Supplied material.
——

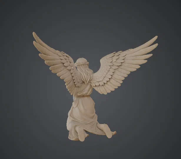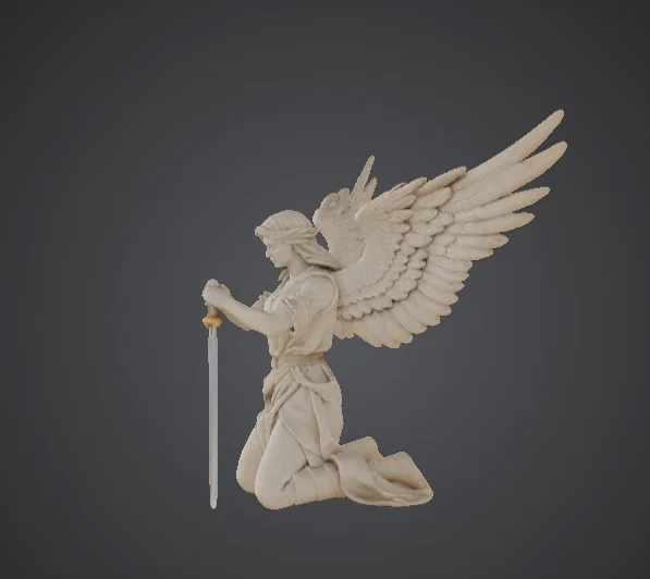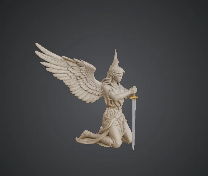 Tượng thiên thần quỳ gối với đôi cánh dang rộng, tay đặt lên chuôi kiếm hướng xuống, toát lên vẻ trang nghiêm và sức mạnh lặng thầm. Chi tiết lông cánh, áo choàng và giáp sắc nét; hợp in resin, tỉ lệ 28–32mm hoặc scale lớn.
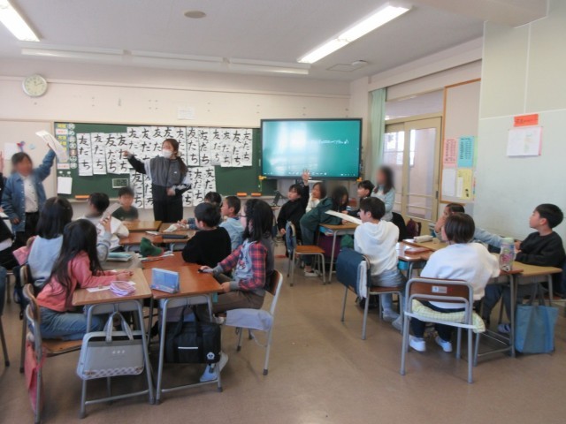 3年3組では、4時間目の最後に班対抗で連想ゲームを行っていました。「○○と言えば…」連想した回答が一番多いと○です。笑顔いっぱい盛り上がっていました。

——

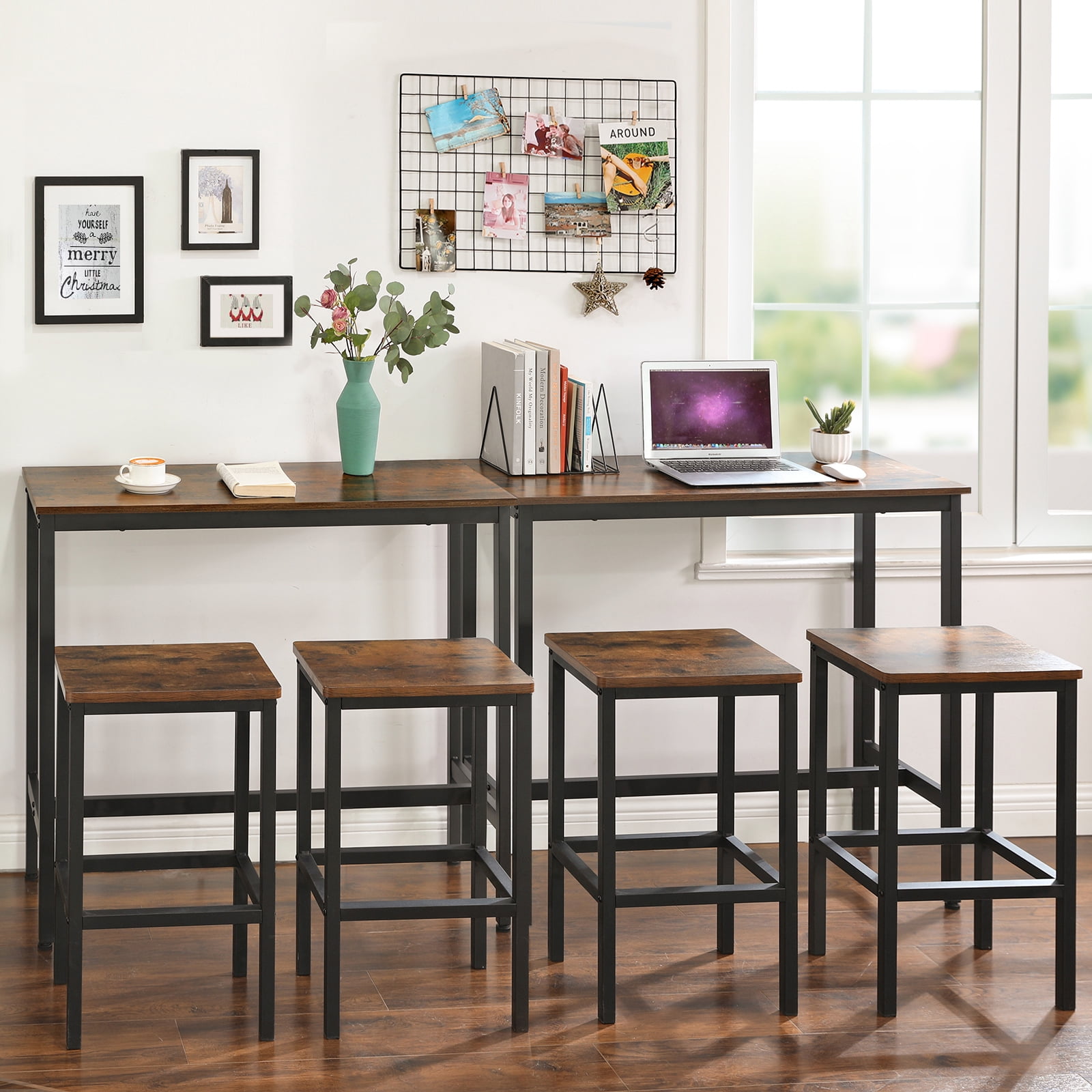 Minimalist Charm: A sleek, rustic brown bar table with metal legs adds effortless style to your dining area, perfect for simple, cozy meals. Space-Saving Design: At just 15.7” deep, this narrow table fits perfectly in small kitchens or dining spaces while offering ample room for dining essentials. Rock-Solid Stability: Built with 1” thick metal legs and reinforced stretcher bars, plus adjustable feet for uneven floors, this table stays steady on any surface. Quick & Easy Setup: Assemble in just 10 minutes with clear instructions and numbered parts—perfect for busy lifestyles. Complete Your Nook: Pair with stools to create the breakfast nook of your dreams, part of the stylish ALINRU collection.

——

What this task involves. From the records above, copy exactly the stretch from the line holding "Tượng thiên thần" through the line holding "3年3組では、4時間目の最後", both ends included, without the pictures.

Exercise output.
 Tượng thiên thần quỳ gối với đôi cánh dang rộng, tay đặt lên chuôi kiếm hướng xuống, toát lên vẻ trang nghiêm và sức mạnh lặng thầm. Chi tiết lông cánh, áo choàng và giáp sắc nét; hợp in resin, tỉ lệ 28–32mm hoặc scale lớn.
 3年3組では、4時間目の最後に班対抗で連想ゲームを行っていました。「○○と言えば…」連想した回答が一番多いと○です。笑顔いっぱい盛り上がっていました。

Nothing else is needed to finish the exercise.